Open JeanChristopheMorinPerso opened this issue 1 year ago • 3 comments

Now that we dropped support for Python 2, we should take a look at if we can replace rez.utils.data_utils.cached_property with functools.cached_property.

rez.utils.data_utils.cached_property has multiple issues, one of which is that sphinx doesn't recognize the wrapped function as a property, see https://rez.readthedocs.io/en/stable/api/rez.system.html#rez.system.System.platform. On top of that, I don't think it's type hint friendly.

Python now has a built-in cached_property in the functools module.

Things to take into consideration:

  • Our version has an uncache method. Is it something we need?
  • Would functools.cached_property be slower or faster than what we have today? Slower would mean that we would need to find a way to make Sphinx recognize cached properties correctly.

This is at the very core of rez, so we have to be careful.

I started looking into the issue and wanted to clarify a couple of things.

  1. Does this issue mean rez will drop Python 3.7 compatibility? functools.cached_property was added in Python 3.8 (docs, StackOverflow). As an alternative, some sort of compatibility layer can be introduced (e.g., use the replacement starting with Python 3.8, and leave the previous implementation for Python 3.7). What is a preferred solution here?

  2. Do we need to be concerned about uncache? functools.cached_property uncaches a property the same way, by deleting the attribute (docs):

    The cached value can be cleared by deleting the attribute. This allows the cached_property method to run again.

    So my intuition is that whenever uncache is called in current solution, it can be reimplemented in the replacement, too.
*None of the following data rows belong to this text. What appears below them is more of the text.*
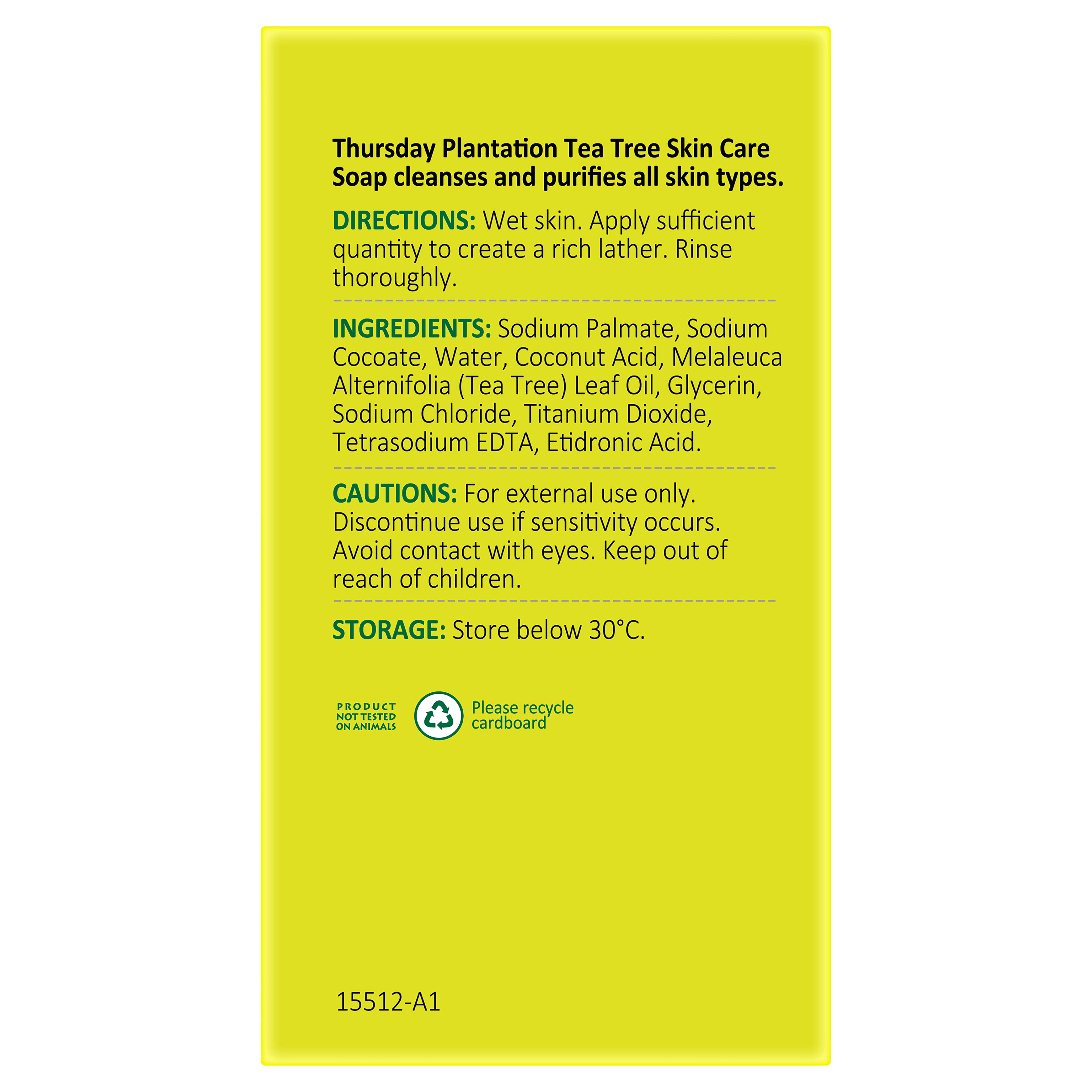 Thursday Plantation Tea Tree Skin Care Soap cleanses and purifies all skin types.
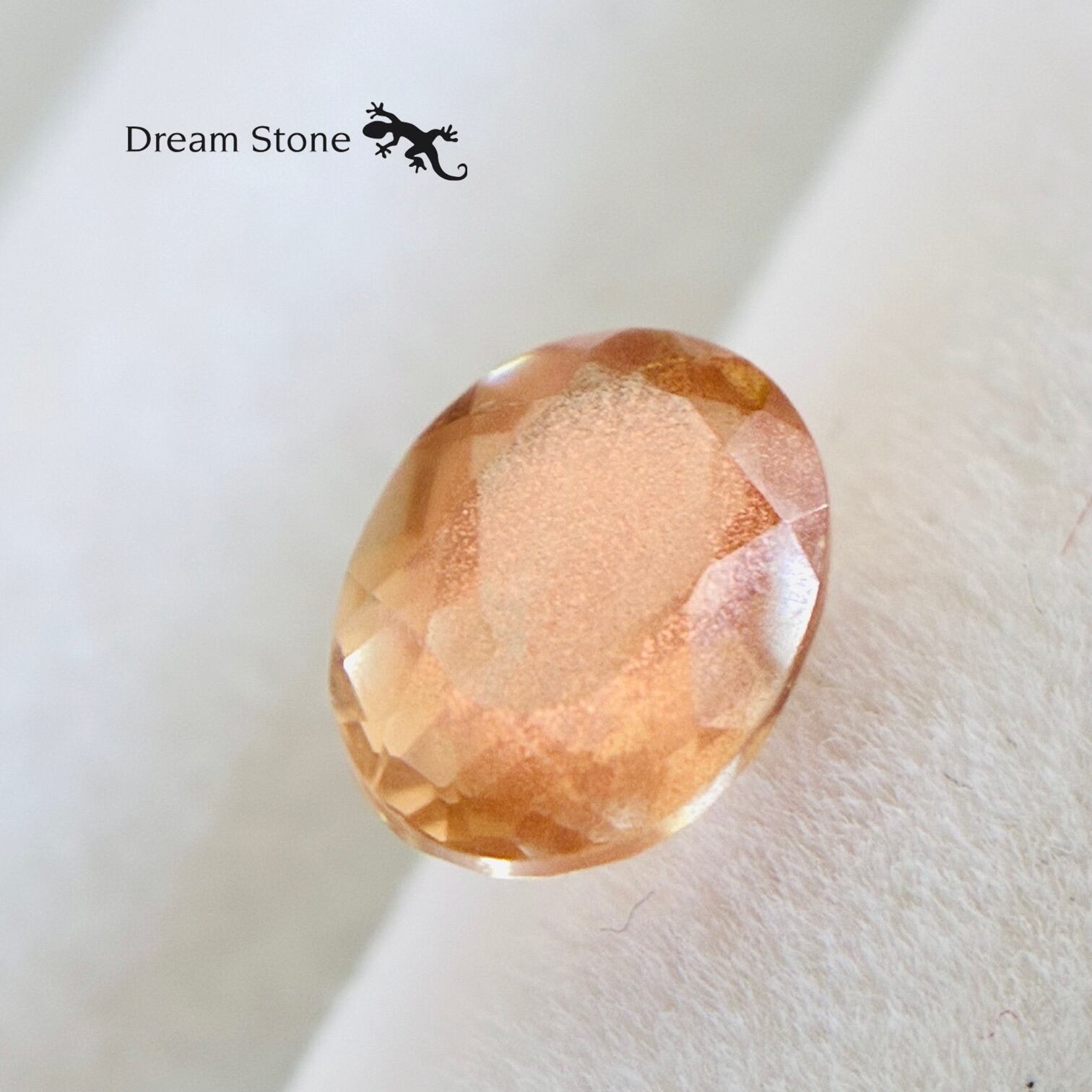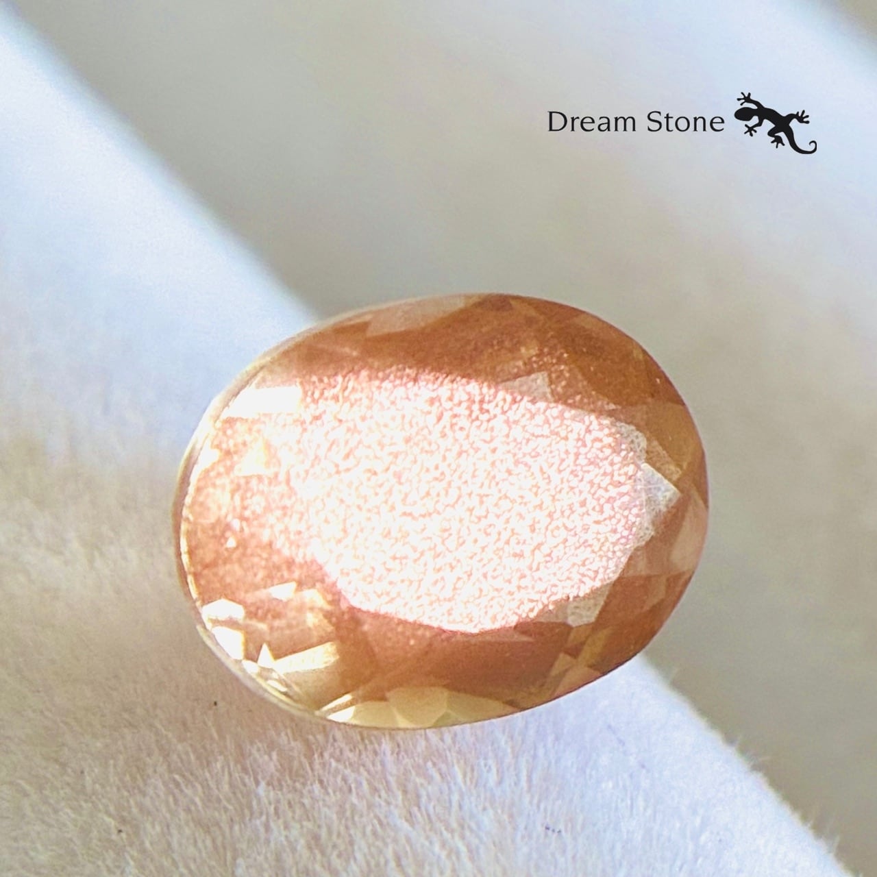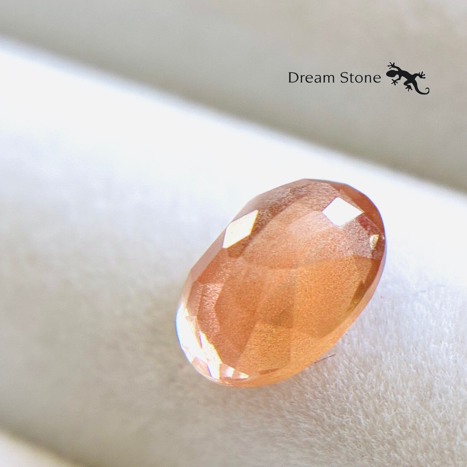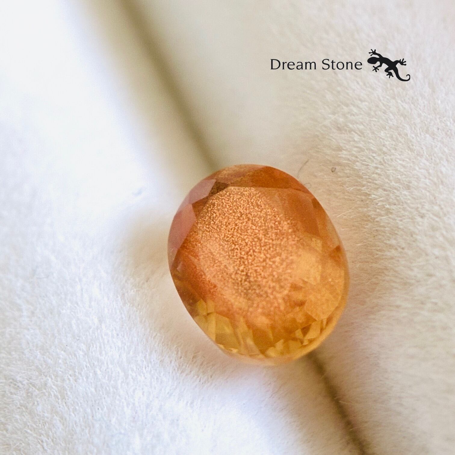 オレゴンの大地で悠久の時を経て産出されたサンストーン。内包された銅由来のインクルージョンが織りなす繊細で奥行きのあるアベンチュレッセンスが、天然石ならではの芸術を生み出しています。控えめな一見から、角度を変えるたびに雅な光を放ち、石のテーブル面いっぱいに広がります。自然が描いた光の表情を、お手に取ってお楽しみください。(ソーティングJ139582付き)
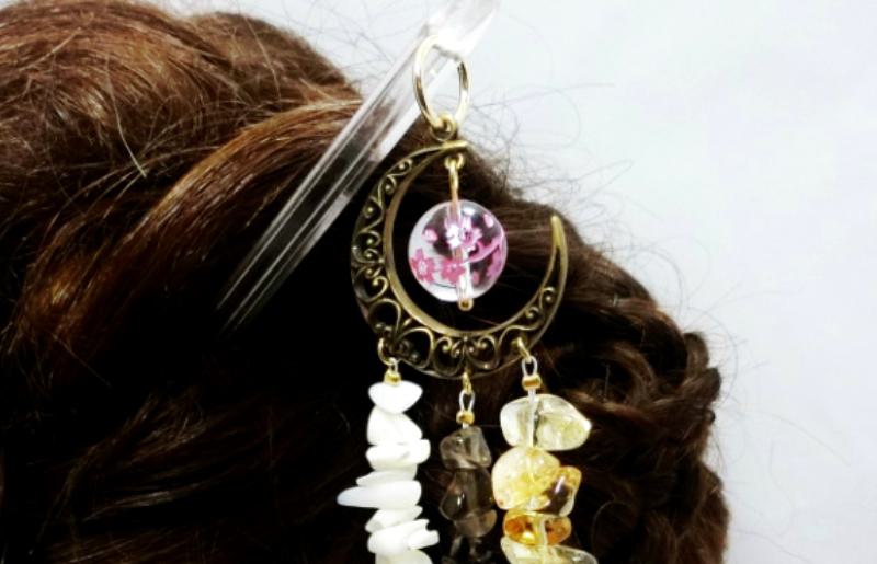 - 〈使用している石、部材〉水晶(花の彫刻入り)、インカローズ、スモーキークォーツ、マザーオブパール、シトリン、レッドコーラル、透かし月型はメタルチャーム、棒の部分はアクリル製
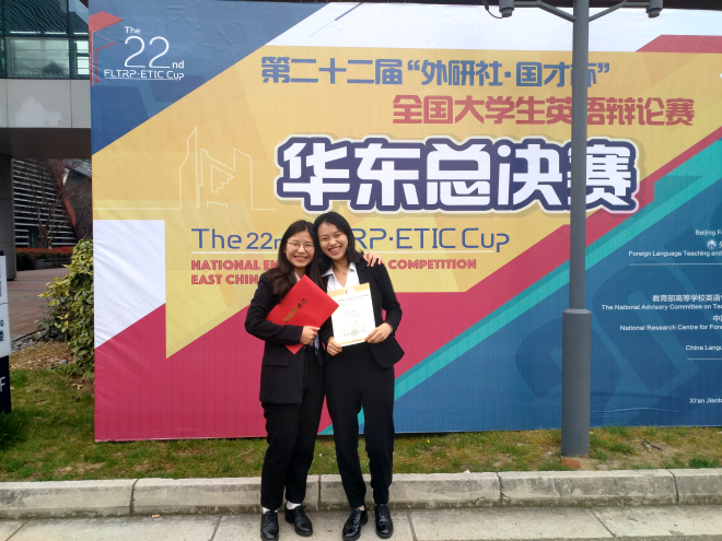 英语专业1605班学生田怡凡和戚淼代表我校参加比赛,最终排名第16,成功晋级全国赛。
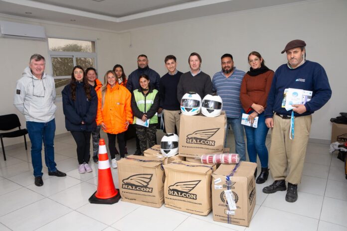 En cuanto al detalle de los materiales recibidos se destacó que fueron: 30 cascos, 10 conos y cintas.
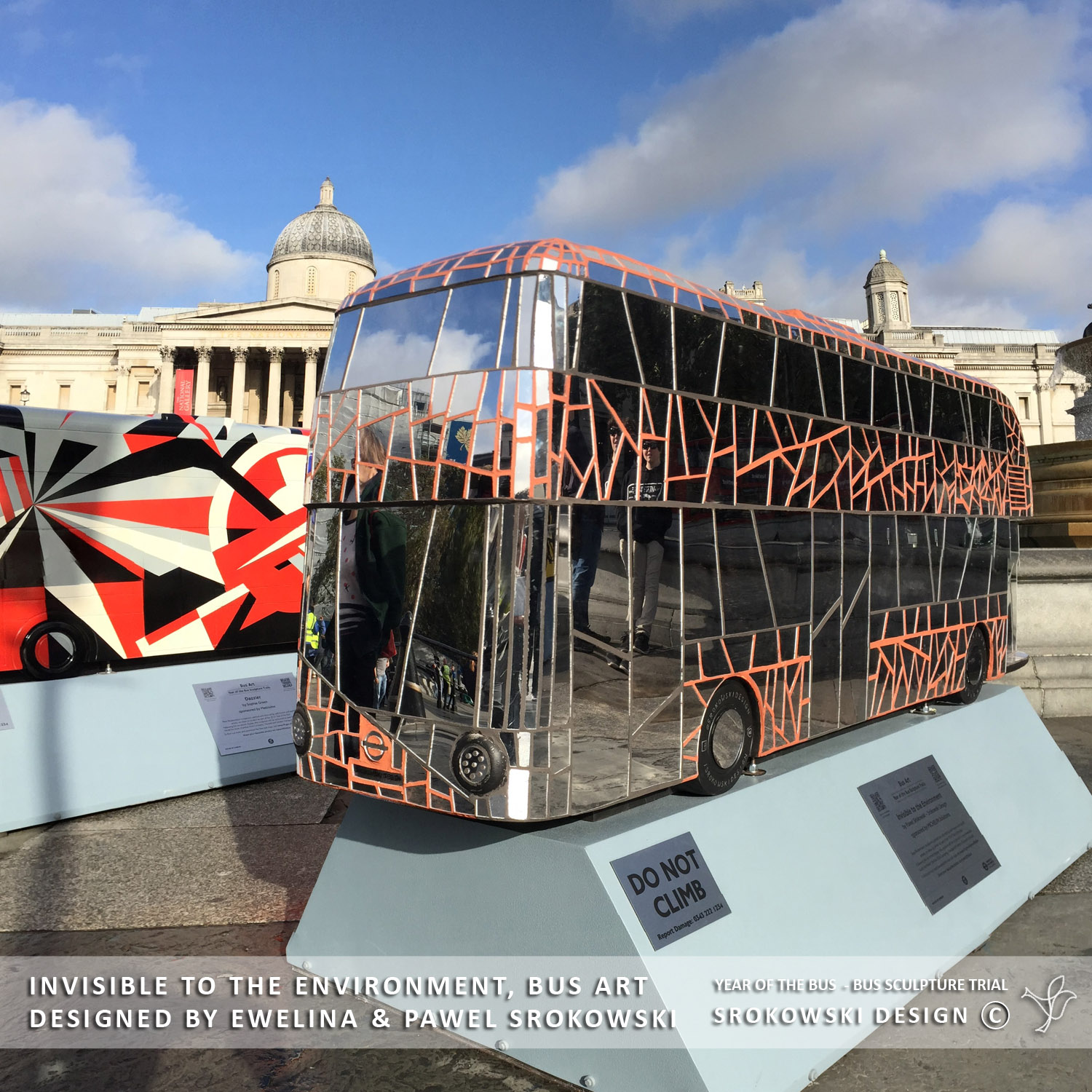 PS: 17 października na Trafalgar Square w Londynie odbyła się prezentacja wykonanych autobusów. Ponad 20 rzeźb zostało wyeksponowanych na placu. Przedstawiciele różnych mediów mieli okazję spotkać się z artystami i przeprowadzić wywiady. Nie zabrakło również sponsorów, którzy sfinansowali wykonanie wszystkich rzeźb. Jesteśmy dumni, że nasz projekt cieszył się dużym zainteresowaniem. Zarówno dzieci, jak i dorośli chętnie fotografowali naszą pracę lub pozowali do zdjęć przy “niewidzialnym” autobusie. Po raz pierwszy w świetle dziennym, na otwartym terenie, przekonaliśmy się, że idea “odbijania otaczającego świata” sprawdziła się perfekcyjnie. Nasza rzeźba wyglądała unikatowo z każdego punktu obserwacji. Następnie, tego samego dnia po południu, wszystkie autobusy zostały przetransportowane do miejsca docelowej ekspozycji. Na stronie organizatora konkursu można znaleźć mapki z trasą zwiedzania (https://www.tfl.gov.uk/campaign/sculpture-trails). Nasz autobus wyeksponowany jest na Stratford, w parku olimpijskim między stadionem a centrum handlowym Westfield.

vergeev avatar Feb 14 '24 07:02 vergeev

  1. Does this issue mean rez will drop Python 3.7 compatibility? functools.cached_property was added in Python 3.8 (docs, StackOverflow). As an alternative, some sort of compatibility layer can be introduced (e.g., use the replacement starting with Python 3.8, and leave the previous implementation for Python 3.7). What is a preferred solution here?

We could potentially depend on https://pypi.org/project/backports.cached-property/ for Python 3.7.

  1. Do we need to be concerned about uncache? functools.cached_property uncaches a property the same way, by deleting the attribute (docs):

From what I see, uncached is used in two different places (see https://github.com/search?q=repo%3AAcademySoftwareFoundation%2Frez+%2F%5B%5E_+%5Duncache%5C%28%2F&type=code). If we can delete the attribute to uncache, then I guess we could try to use the built-in cached_property.

One thing I'm very concerned about is the speed. cached_property is used in hot paths. I see a lot more attribute accesses in functools.cached_property than in our version.

Thinking about it a little bit more, maybe we don't need to get rid of our implementation. I'd be interested to see if it can provide any speed improvements though.